I could test this code:

        train = torchvision.datasets.CIFARFS(root="/tmp/mnist", mode="train")
        train = l2l.data.MetaDataset(train)
        valid = torchvision.datasets.CIFARFS(root="/tmp/mnist", mode="validation")
        valid = l2l.data.MetaDataset(valid)
        test = torchvision.datasets.CIFARFS(root="/tmp/mnist", mode="test")
        test = l2l.data.MetaDataset(test)
        union = UnionMetaDataset([train, valid, test])
        assert len(union.labels) == 100
        union_loader = DataLoader(union)
       next(iter(union_loader))
seba-1511 commented 1 year ago

Hello @brando90, I think you can just concatenate the pytorch datasets directly without using learn2learn.
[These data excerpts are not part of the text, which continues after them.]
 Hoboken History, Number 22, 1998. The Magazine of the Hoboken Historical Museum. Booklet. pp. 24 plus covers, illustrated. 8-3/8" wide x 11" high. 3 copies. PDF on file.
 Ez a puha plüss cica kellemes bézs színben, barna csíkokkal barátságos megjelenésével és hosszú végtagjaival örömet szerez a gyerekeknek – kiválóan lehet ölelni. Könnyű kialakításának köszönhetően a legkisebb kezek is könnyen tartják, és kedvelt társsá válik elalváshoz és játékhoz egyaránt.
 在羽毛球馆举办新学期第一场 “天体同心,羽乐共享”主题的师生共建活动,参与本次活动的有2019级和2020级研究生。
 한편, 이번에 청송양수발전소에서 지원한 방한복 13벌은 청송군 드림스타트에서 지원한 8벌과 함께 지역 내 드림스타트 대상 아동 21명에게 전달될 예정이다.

brando90 commented 1 year ago

Hello @brando90, I think you can just concatenate the pytorch datasets directly without using learn2learn.
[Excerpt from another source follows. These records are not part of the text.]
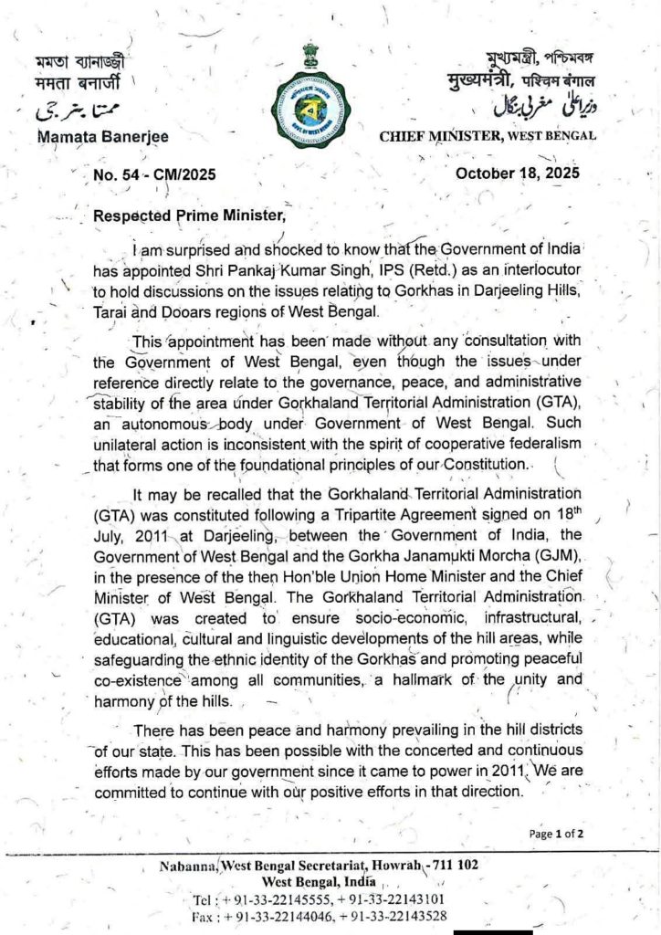 On 18th of October, the West Bengal Chief Minister Mamata Banerjee wrote to the Prime Minister, expressing her “objection to the Central Government’s decision to appoint former IPS officer Pankaj Kumar Singh as interlocutor for discussions on Gorkha-related issues in Darjeeling Hills, Terai, and Dooars”.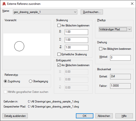 Wählen Sie den vollen (absoluten) Pfad, den relativen Pfad zur Datei der externen Referenz oder Kein Pfad sowie den Namen der Bilddatei aus (die Bilddatei muss sich in demselben Ordner wie die aktuelle Zeichnungsdatei befinden).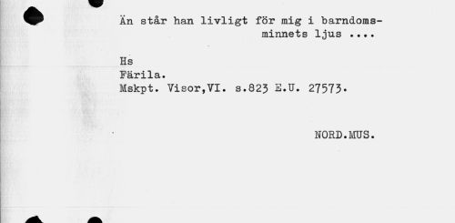 //// ^^ Än står han livligt för mig i barndoms- //// minnets ljus ... //// Hs //// Färila. //// Mskpt. Visor,VI. s.823 E.U. 27573- //// NORD.MUS. ////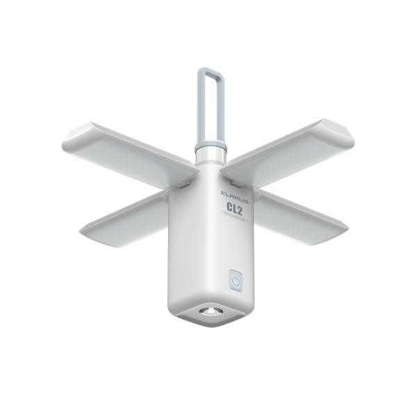 KLARUS キャンピングライトCL2 は、テント内に吊り下げてもテーブルに置いても使える、画期的なLEDライトです。4枚のLEDパネルは、色を暖色/白色に切替える他、赤色の点滅もできます。また、個々で独立していて、照射角度も0〜90°で自由に変更できます。底部のLEDは通常のライト使用の他に、スイッチ操作で、SOSの点滅もできます。更に、携帯電話に充電もできます。充電残量がわかる、バッテリインジケータ―付です。

Hi Seb, I think this is not the entire solution because one still needs to concatenate and re-index the class labels -- which the ConcatDataset does not do but your wonderful union data set does.

brando90 commented 1 year ago

would doing union.dataset give me what I want i.e. concatenation of data sets + the relabeling done correctly?
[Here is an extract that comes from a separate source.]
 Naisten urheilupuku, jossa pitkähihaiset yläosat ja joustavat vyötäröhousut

brando90 commented 1 year ago

for it to work with any standard pytorch data set I think the workflow would be:

pytorch dataset -> l2l meta data set -> union data set -> .dataset field -> data loader

for l2l data sets:

l2l meta data set -> union data set -> .dataset field -> data loader
brando90 commented 1 year ago

odd the union data set's iterator doesn't work:

    assert isinstance(dataset, Dataset), f'Expect dataset to be of type Dataset but got {type(dataset)=}.'
    counts: dict = {}
    iter_dataset = iter(dataset)
    for datapoint in iter_dataset:
        x, y = datapoint

see:

Connected to pydev debugger (build 221.5080.212)
/Users/brandomiranda/opt/anaconda3/envs/meta_learning/lib/python3.9/site-packages/torchvision/datasets/mnist.py:498: UserWarning: The given NumPy array is not writeable, and PyTorch does not support non-writeable tensors. This means you can write to the underlying (supposedly non-writeable) NumPy array using the tensor. You may want to copy the array to protect its data or make it writeable before converting it to a tensor. This type of warning will be suppressed for the rest of this program. (Triggered internally at  ../torch/csrc/utils/tensor_numpy.cpp:180.)
  return torch.from_numpy(parsed.astype(m[2], copy=False)).view(*s)
Traceback (most recent call last):
  File "/Applications/PyCharm.app/Contents/plugins/python/helpers/pydev/pydevd.py", line 1491, in _exec
    pydev_imports.execfile(file, globals, locals)  # execute the script
  File "/Applications/PyCharm.app/Contents/plugins/python/helpers/pydev/_pydev_imps/_pydev_execfile.py", line 18, in execfile
    exec(compile(contents+"\n", file, 'exec'), glob, loc)
  File "/Users/brandomiranda/ultimate-utils/ultimate-utils-proj-src/uutils/torch_uu/dataset/concate_dataset.py", line 240, in <module>
    # check_cifar100_is_100_in_usl()
  File "/Users/brandomiranda/ultimate-utils/ultimate-utils-proj-src/uutils/torch_uu/dataset/concate_dataset.py", line 223, in check_mi_usl

  File "/Users/brandomiranda/ultimate-utils/ultimate-utils-proj-src/uutils/torch_uu/dataset/concate_dataset.py", line 102, in get_relabling_counts
    x, y = datapoint
TypeError: cannot unpack non-iterable NoneType object
brando90 commented 1 year ago

really weird because when I index it it does return something:

len(union[0])
2

maybe the iterators next or something doesn't call get item or something?